Records from a collection
===============

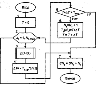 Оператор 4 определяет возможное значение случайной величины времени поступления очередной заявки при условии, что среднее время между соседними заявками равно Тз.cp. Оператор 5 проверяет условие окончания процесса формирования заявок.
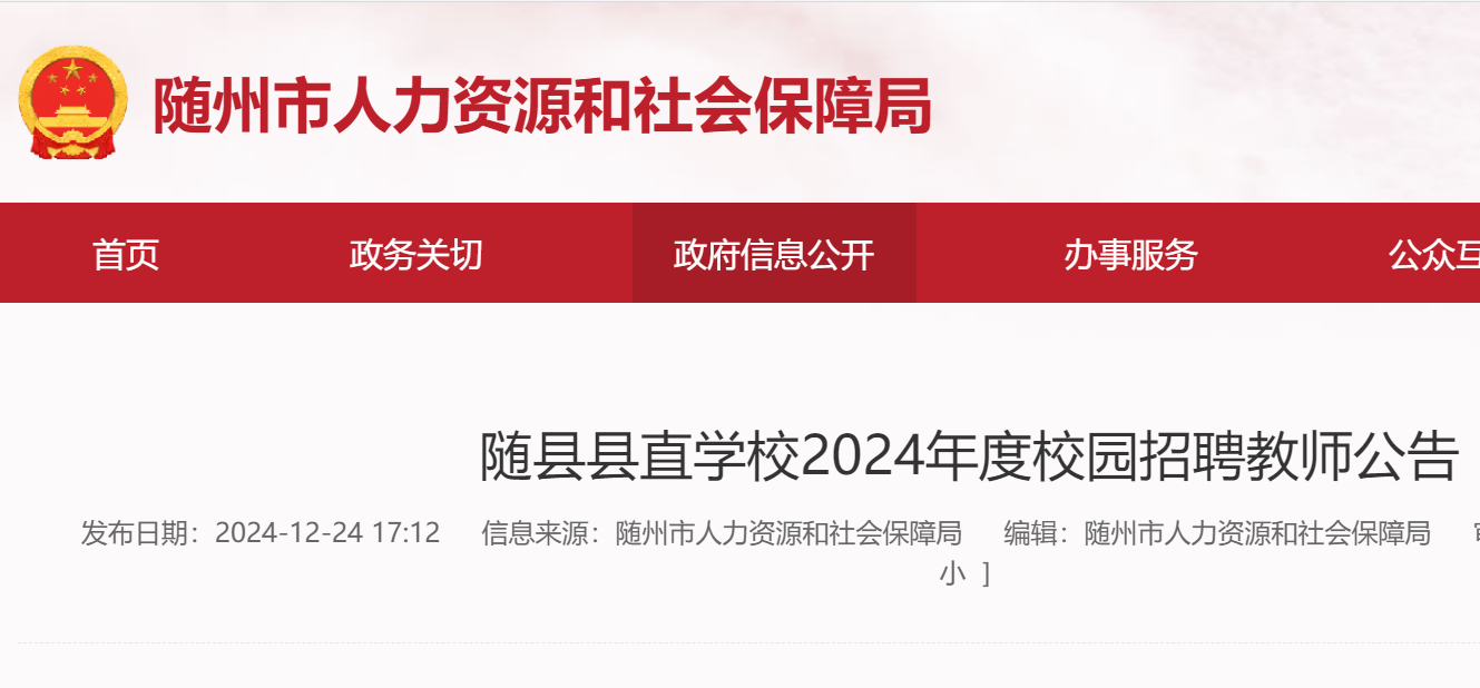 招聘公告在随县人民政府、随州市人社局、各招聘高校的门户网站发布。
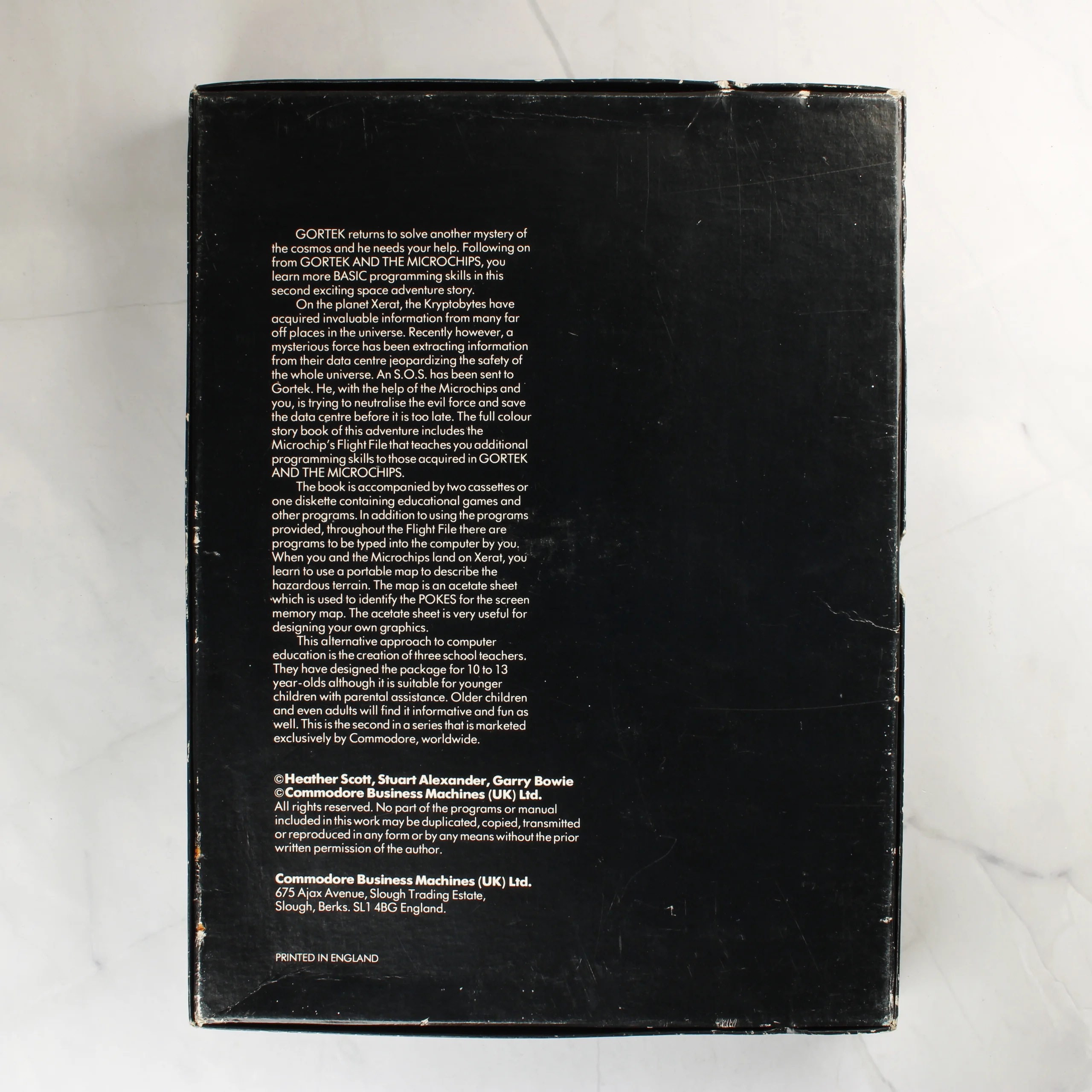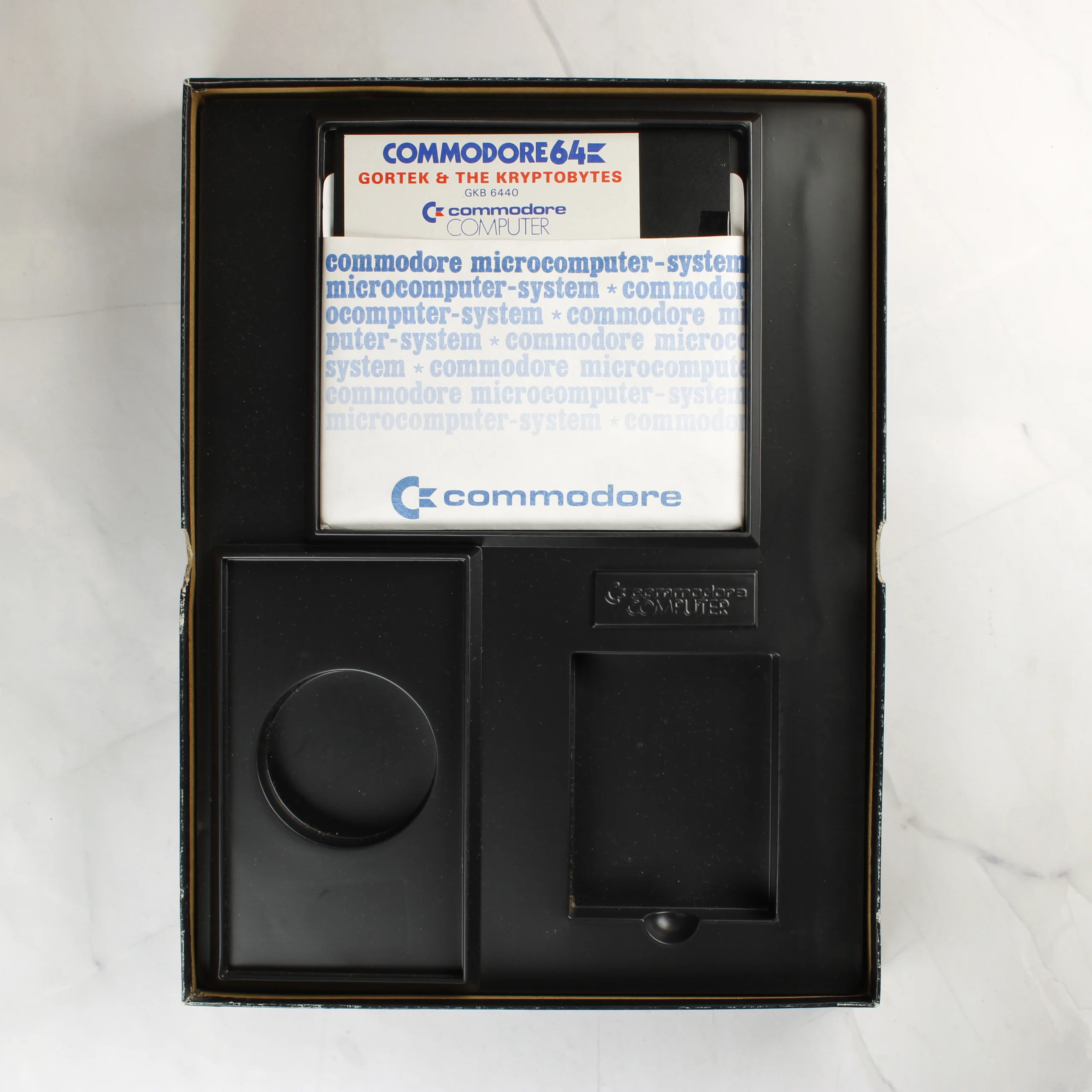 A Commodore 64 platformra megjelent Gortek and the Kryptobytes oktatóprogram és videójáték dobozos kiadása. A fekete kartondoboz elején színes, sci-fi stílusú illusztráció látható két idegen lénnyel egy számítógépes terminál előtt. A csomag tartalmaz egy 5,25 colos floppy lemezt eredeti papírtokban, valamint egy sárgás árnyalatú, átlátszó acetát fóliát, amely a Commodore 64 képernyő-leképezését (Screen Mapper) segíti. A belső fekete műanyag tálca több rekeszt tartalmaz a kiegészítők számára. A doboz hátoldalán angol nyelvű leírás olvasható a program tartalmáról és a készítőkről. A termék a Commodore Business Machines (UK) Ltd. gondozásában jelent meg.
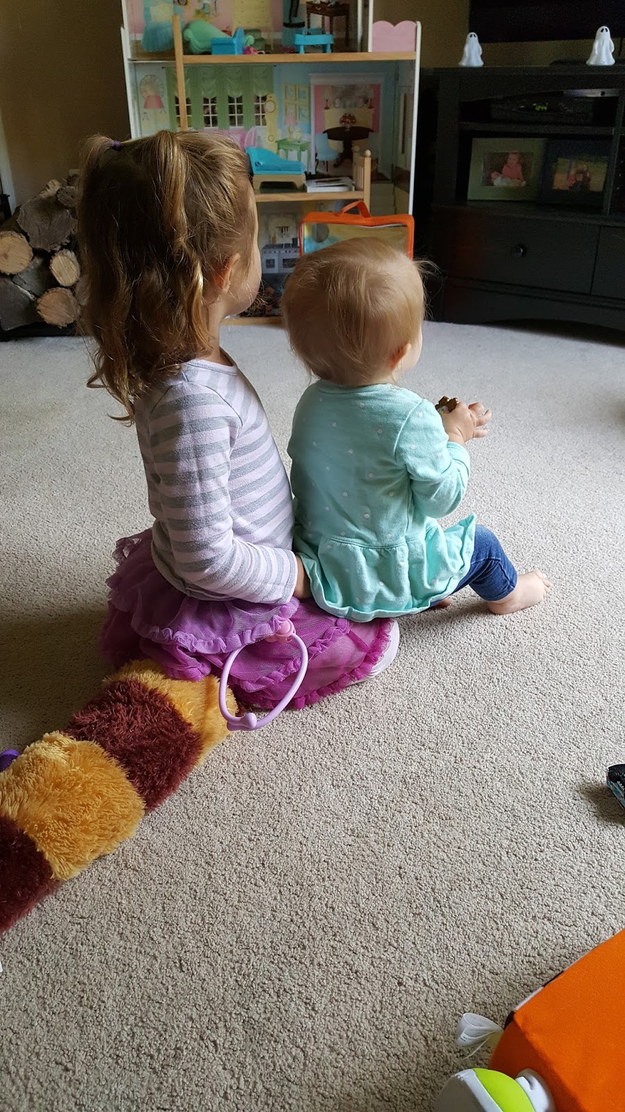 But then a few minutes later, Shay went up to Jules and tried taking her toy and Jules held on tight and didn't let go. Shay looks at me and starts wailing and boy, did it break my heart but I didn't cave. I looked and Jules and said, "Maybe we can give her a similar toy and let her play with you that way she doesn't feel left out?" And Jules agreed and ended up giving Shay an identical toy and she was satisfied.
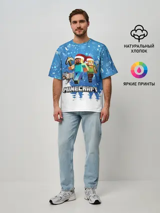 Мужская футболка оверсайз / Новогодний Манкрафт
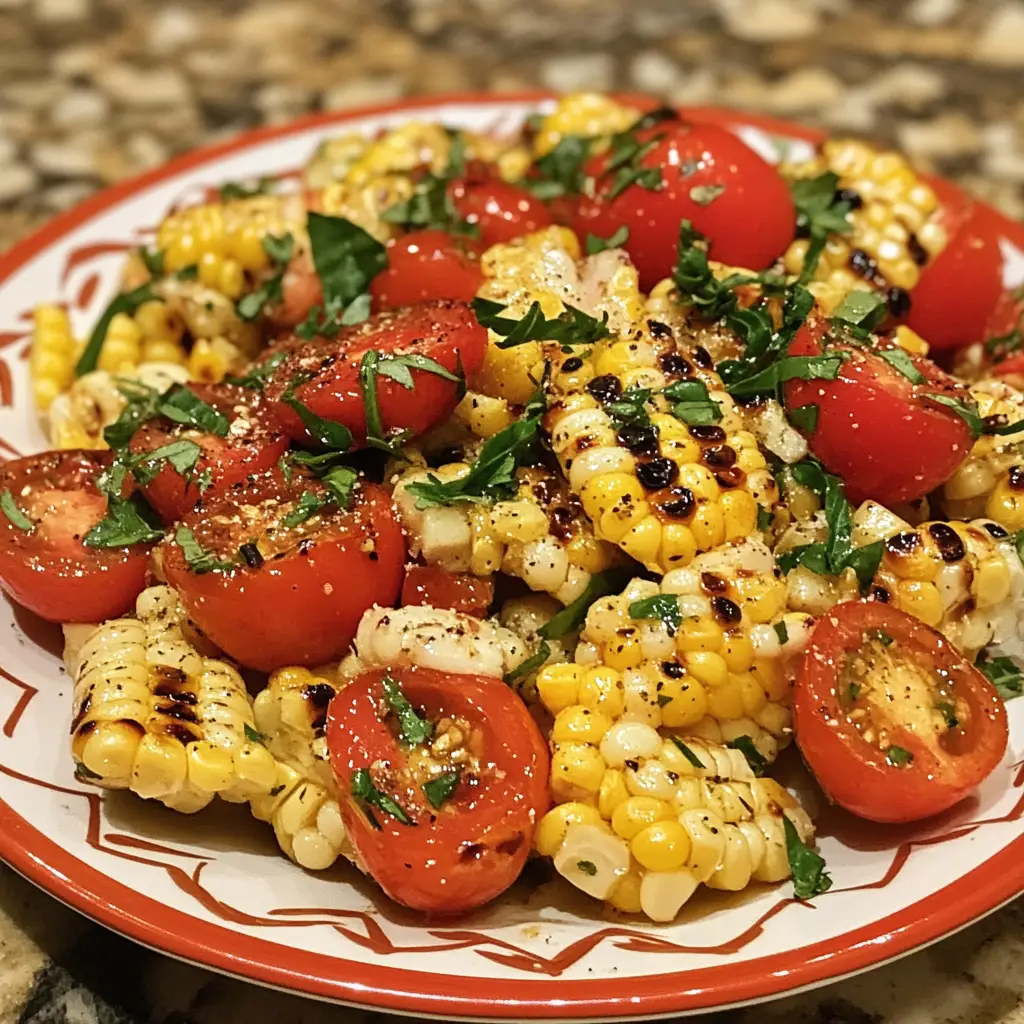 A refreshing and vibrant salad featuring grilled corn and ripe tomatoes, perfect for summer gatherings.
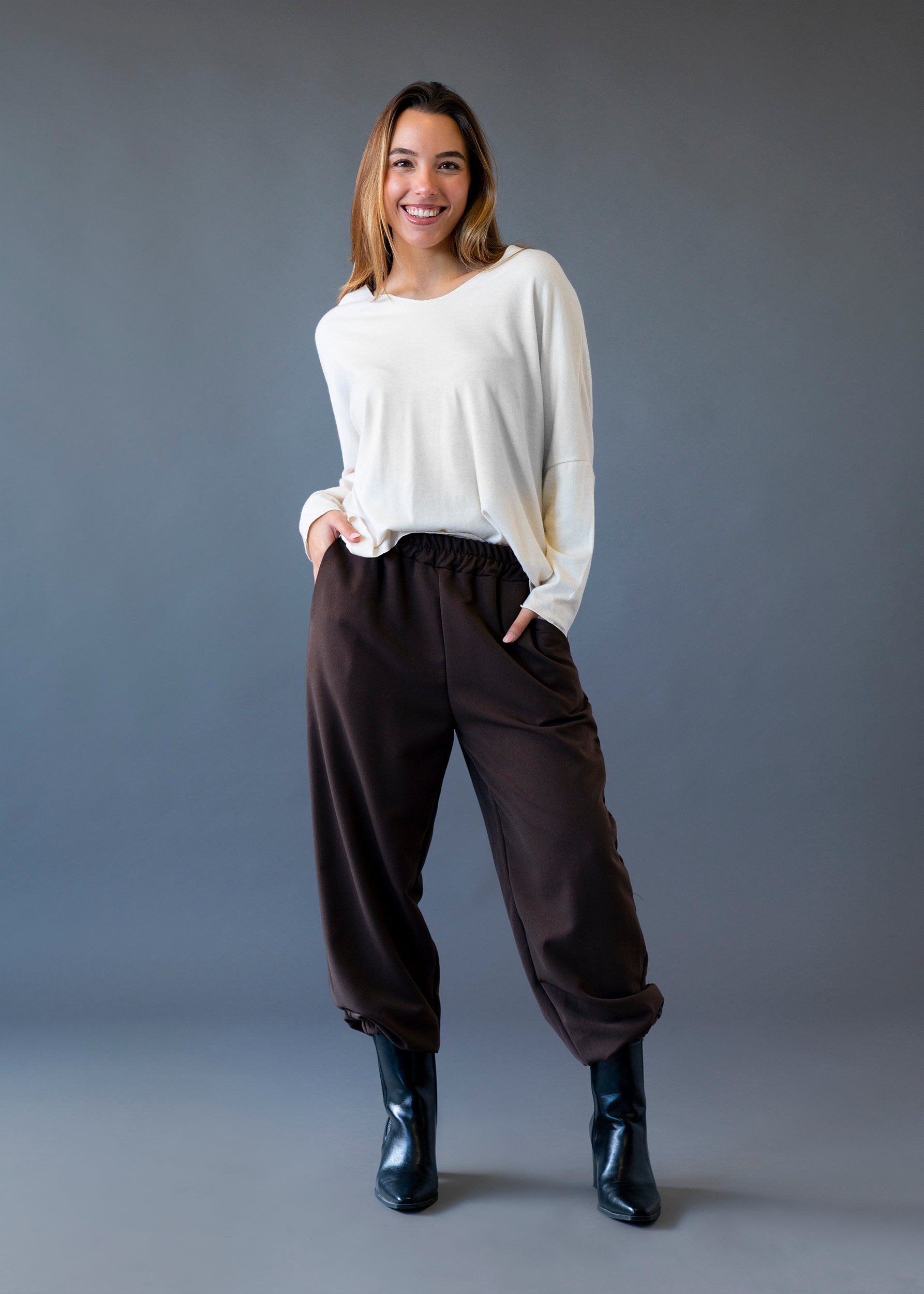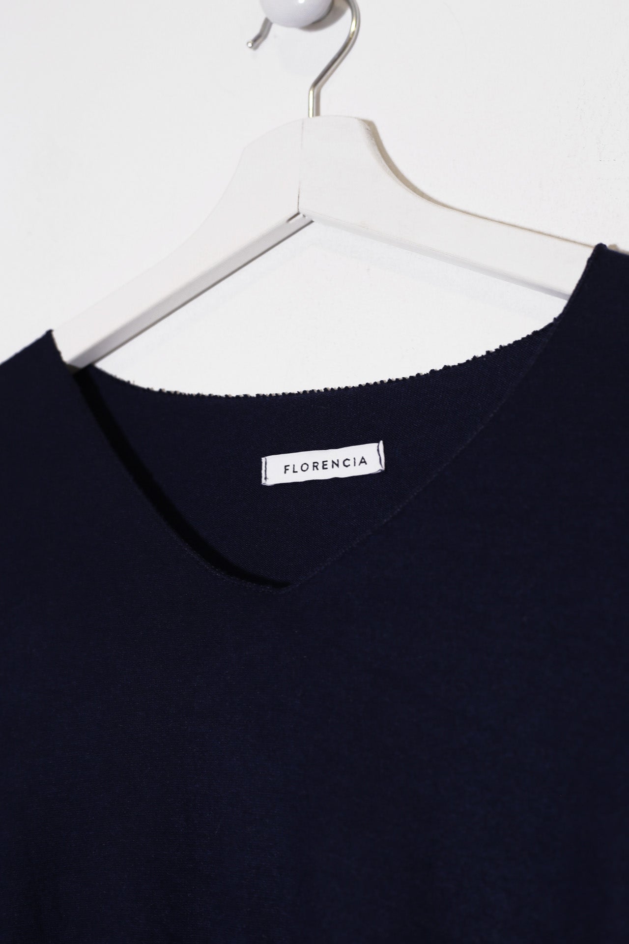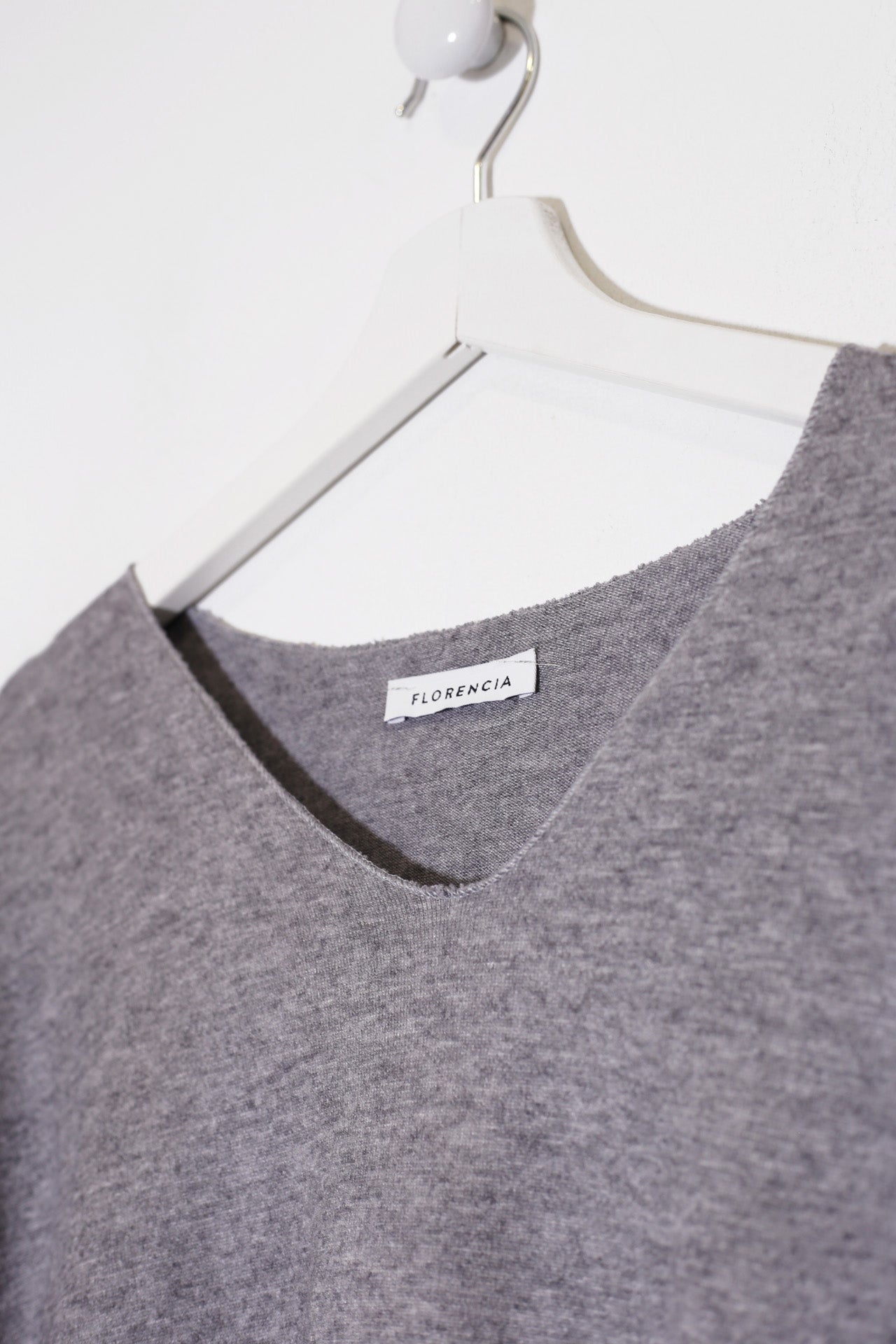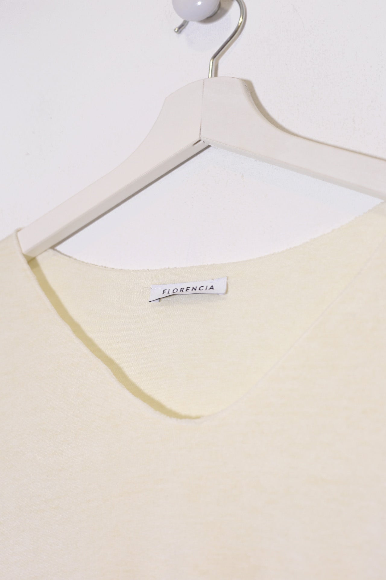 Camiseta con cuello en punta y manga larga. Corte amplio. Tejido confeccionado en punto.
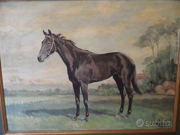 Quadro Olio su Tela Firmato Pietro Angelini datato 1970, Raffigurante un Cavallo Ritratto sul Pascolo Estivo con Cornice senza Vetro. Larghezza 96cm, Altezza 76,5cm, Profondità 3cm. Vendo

===============

Extract only the lines from the one that contains "Мужская футболка оверсайз" through the end of the records, inclusive, and omit every picture.

• [Exercise output]
 Мужская футболка оверсайз / Новогодний Манкрафт
 A refreshing and vibrant salad featuring grilled corn and ripe tomatoes, perfect for summer gatherings.
 Camiseta con cuello en punta y manga larga. Corte amplio. Tejido confeccionado en punto.
 Quadro Olio su Tela Firmato Pietro Angelini datato 1970, Raffigurante un Cavallo Ritratto sul Pascolo Estivo con Cornice senza Vetro. Larghezza 96cm, Altezza 76,5cm, Profondità 3cm. Vendo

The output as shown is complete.